Action item: The entries are to be duplicated exactly, though any picture in them must be omitted.
Listed entries section start
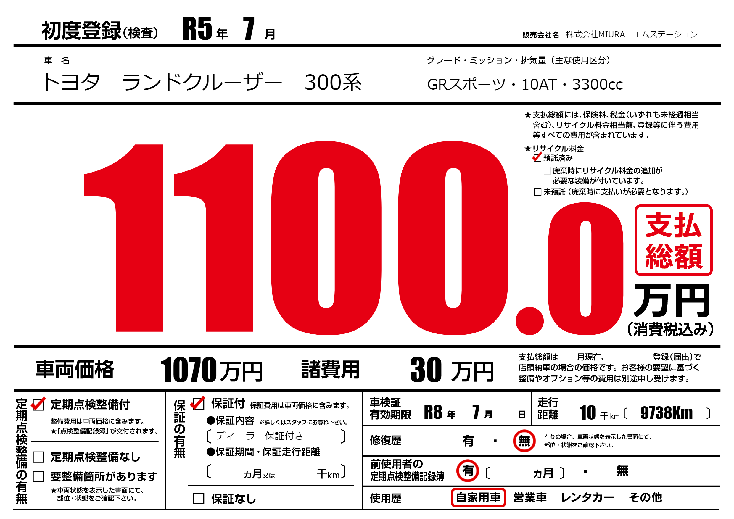 | 車名 | トヨタ ランドクルーザー 300系 | グレード ミッション 排気量 |
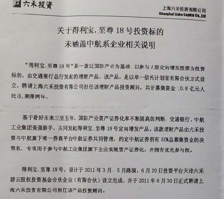 關(guān)于“得利寶?至尊18號”投資標(biāo)的為何沒有涵蓋中航系企業(yè),六禾投資也曾做出書面解釋,表示是因為中航集團整日資產(chǎn)證券化推進緩慢,投資無法完成,因此才改變投資標(biāo)的。但這一解釋并不為投資者所接受。
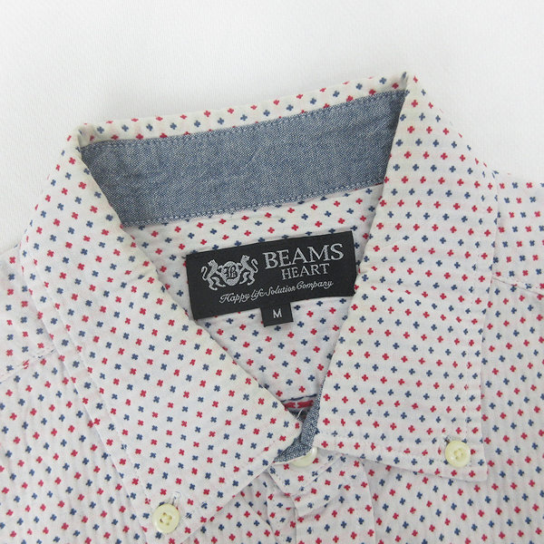D■ビームス/BEAMS 総柄 半袖ボタンダウンシャツ【M】赤紺白/MENS/128【中古】
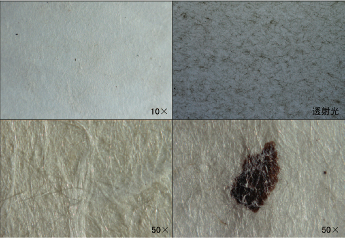 構皮纖維雖不及麻纖維那么長,但遠長于竹纖維,一般在5-10mm 左右。由于構皮本身具有一定的白度,纖維素含量也比較高,因此構皮紙成紙白度一般要高于麻紙和竹紙,構皮紙質地較麻紙綿軟,韌性好,常被稱為“白棉紙”,亦有“蟬翼”、“冰肌”等雅喻。構皮紙紙面的勻度和平滑度一般介于麻紙和竹紙之間,由于蒸煮過程中用到草木灰,構皮紙一般潔白中略偏灰色,紙面纖維在光線照射下會泛出絲質光澤。由于纖維較長不易分散,成紙內常見有未打散的纖維束,形態(tài)蜿蜒曲折,兩端多散開呈絮狀(如圖1 左下)。構皮紙在存放一段時間之后,紙面常見有零星的淺銹黃色暈點狀氧化斑,曾有文人墨客因此雅稱其為“桃花紙”。另外,手工抄造的構皮紙在纖維間還常會殘留一些構皮外皮的黑灰色碎屑,這也是構皮紙的一個特征(如圖1 右下)。
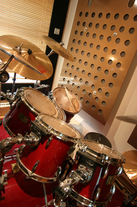Ten21 Studio Drum Booth and in house Pearl Masters Custom kit
Listed entries section end
Problem solution:
 | 車名 | トヨタ ランドクルーザー 300系 | グレード ミッション 排気量 |
 關(guān)于“得利寶?至尊18號”投資標(biāo)的為何沒有涵蓋中航系企業(yè),六禾投資也曾做出書面解釋,表示是因為中航集團整日資產(chǎn)證券化推進緩慢,投資無法完成,因此才改變投資標(biāo)的。但這一解釋并不為投資者所接受。
D■ビームス/BEAMS 総柄 半袖ボタンダウンシャツ【M】赤紺白/MENS/128【中古】
 構皮纖維雖不及麻纖維那么長,但遠長于竹纖維,一般在5-10mm 左右。由于構皮本身具有一定的白度,纖維素含量也比較高,因此構皮紙成紙白度一般要高于麻紙和竹紙,構皮紙質地較麻紙綿軟,韌性好,常被稱為“白棉紙”,亦有“蟬翼”、“冰肌”等雅喻。構皮紙紙面的勻度和平滑度一般介于麻紙和竹紙之間,由于蒸煮過程中用到草木灰,構皮紙一般潔白中略偏灰色,紙面纖維在光線照射下會泛出絲質光澤。由于纖維較長不易分散,成紙內常見有未打散的纖維束,形態(tài)蜿蜒曲折,兩端多散開呈絮狀(如圖1 左下)。構皮紙在存放一段時間之后,紙面常見有零星的淺銹黃色暈點狀氧化斑,曾有文人墨客因此雅稱其為“桃花紙”。另外,手工抄造的構皮紙在纖維間還常會殘留一些構皮外皮的黑灰色碎屑,這也是構皮紙的一個特征(如圖1 右下)。
Ten21 Studio Drum Booth and in house Pearl Masters Custom kit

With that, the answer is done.